The "Revitalizing the Northeast"
program, launched in 2003 and covering the provinces of Heilongjiang, Jilin and
Liaoning, sought to resolve the institutional and social crisis resulting from the
closure of obsolete industries by supporting the equipment and pharmaceutical
supply industries, forestry, the country's largest grain production, and the
supply of raw materials for the energy sector.

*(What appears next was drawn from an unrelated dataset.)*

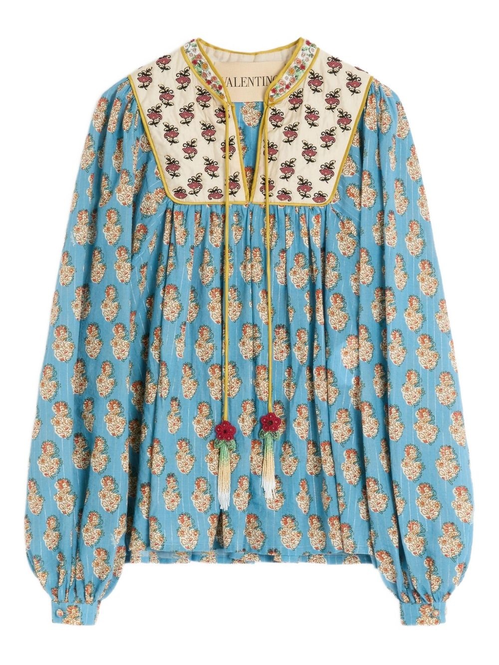 Petales d'Amour-print lurex top Highlights - Light blue - V-neck - Self-tie fastening - Panelled design - Long puff sleeves Made in Italy Composition Cotton 99%, Lurex 1% Washing instructions Read Manufacturer Guidelines

Launched in 2004, the "Rise of Central
China" program, which covers 10.7% of the country's territory and 19.5% of
its population, including the provinces of Shanxi, Jiangxi, Hunan, Hubei and
Anhui, aimed to strengthen the role of this area as one of the bases of the
country's grain production and common communication and transportation linking
all of China, a clean carbon production center and raw materials.
2005-2015. The period of
transition to ecological economy, ecological socialist society. Beautiful China
and Chinese Dream. "Green GDP". President Hu Jintao
declared the goal of building an ecological civilization at the 17th CPC
National Congress in 2007. The Ministry of
Environmental Protection was created. Environmental philosophy is incorporated
into the Party's Statute. At the initiative of
President Xi Jinping, the concept of "building an ecological
civilization" was added to the Constitution at the 18th CPC Congress in
2012. In 2013, President Xi stated, "We will never again pursue economic
growth at the expense of the environment." The
dawn of Ecocivilization.
China is dealing with the immense challenge of
feeding 20% of the world's population using only 10% of its arable land. This
problem was made worse in the 1990s when the country lost 25,000 square
kilometers of this land. Over half of this loss was due to the expansion of
industrial and urban areas.
To address the shortfall, China has increasingly
relied on genetically modified (GM) crops and hybrids. However, the most
significant threat to the country's food security and environment is the
widespread pollution of its coastal waters. This pollution not only impacts on
marine life but also has broader consequences for the food chain and human health.
In 2005, the coal-rich province of Shanxi alone suffered more than €4 billion
in environmental damage. Despite this, China's energy consumption surged. Between
2005 and 2008, the country opened two new power plants with a capacity of 600
MW every single week. This rapid expansion, largely fueled by coal, contributed
to China surpassing the United States as the world's largest emitter of
greenhouse gases in 2007. Whether China is the main source of air pollution
depends on how you measure it. It's not accurate to say it's the primary
historical source. The debate often comes down to two keyways of looking at the
data: historical responsibility and per-capita emissions.
Historical Responsibility
Looking at historical emissions, countries that
industrialized earlier bear greater responsibility. The United States and
Europe were the primary polluters for over a century, contributing the largest
share of greenhouse gases to the atmosphere long before China's rapid
industrialization.
Per-Capita Emissions
On a per-person basis, emissions in developed
countries are typically much higher. While China's overall emissions are now
the world's largest, its per-capita emissions are still significantly lower
than those of countries like the United States and some nations in the Middle
East. This perspective highlights that a smaller number of people in developed
nations consume far more resources and contribute more to pollution on an
individual level. Countries in the European Union have also historically contributed
far more than either China or India.
The data is sourced from EU data (Global Watch). Looking
at per-capita emissions, the picture changes again. Arab countries, the U.S.,
and Germany are at the top of the list, while countries like India have made a
very small contribution to global warming per person. The data from sources
like the EU's Global Watch supports this view.
In
response to widespread pollution, authorities initiated a crackdown, shutting
down illegal mines and highly polluting factories throughout the country.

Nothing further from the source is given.